There is substantial evidence that exercise causes significant changes to various immune cell parameters (5-8,18,20,23), especially those of the innate immune system, including macrophages (5-8,23), natural killer (NK) cells (5,29), and neutrophils (3,15,16,20,22). Our laboratory has developed a mouse model of exercise and infection in which we have shown that macrophages play an important role on both the positive and negative effects of moderate and fatiguing exercise on susceptibility to infection (5-7); however, the role of neutrophils in this model is not clear. Human as well as animal studies have provided evidence for an alteration in neutrophil function after exercise (3,15,16,20,22). It has been reported that moderate exercise can increase certain activities of neutrophils, whereas vigorous exercise can suppress the activities of neutrophils. For example, the activity of hydrogen peroxide (H2O2) production by blood neutrophils is increased after moderate exercise (22), as are blood neutrophil respiratory burst activity (20) and phagocytic activity (15). Exhaustive exercise, on the other hand, has been reported to suppress the phagocytosis of blood neutrophils (3) and neutrophil oxidative burst activity (3,16). Exercise also has been shown to cause an increase in the number of circulating neutrophils (3,19,20) from endothelial cells and the bone marrow, which is thought to be mediated by stress hormones.

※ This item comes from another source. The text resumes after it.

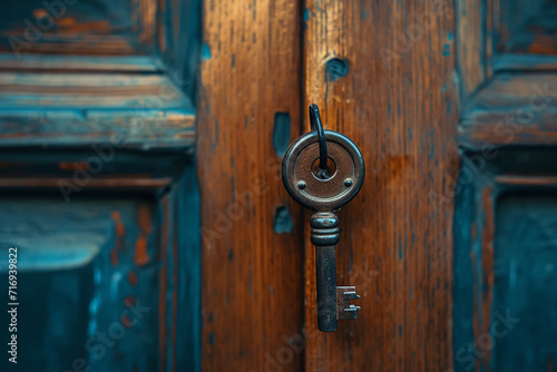 © 92ashrafsoomro, Fototapeta premium The key was inserted into the door of the house
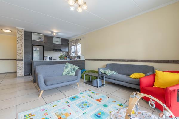 An open-plan kitchen and living area. The living area can easily accommodate a lounge set-up of your choosing. The living area leads onto a spacious balcony and your balcony has access from your main bedroom as well.

Various nutritional strategies, including glutamine, antioxidants, and carbohydrates, have been investigated as possible countermeasures for the immunosuppression of neutrophils during periods of stressful exercise training and competition (11). However, data are often contradictory, and firm conclusions cannot be made as to whether any of these strategies is an effective countermeasure for exercise-induced immunosuppression of neutrophil function. On the contrary, there is very little evidence on nutritional interventions in conjunction with moderate exercise as an additional stimulus to further enhance the activity of neutrophils.
β-glucans, polysaccharides derived from the cell wall of yeast, fungi, algae, and oats, have been documented to enhance the activities of both the nonspecific and the specific immune system. However, they have received little attention in the field of exercise immunology. β-glucan exerts its effects through direct stimulation of macrophage, neutrophil, and NK cells (4,26). Activation of these cells by β-glucan has been shown to protect the organism from various viral (5,6), bacterial (9), and fungal (1) challenges. Recent data from our laboratory have indicated a beneficial effect of oat β-glucan consumption on susceptibility to infection in mice exercised to fatigue. This effect was associated with attenuation of the decrease in intrinsic macrophage antiviral resistance; however, it is likely that other immune cells also play a role.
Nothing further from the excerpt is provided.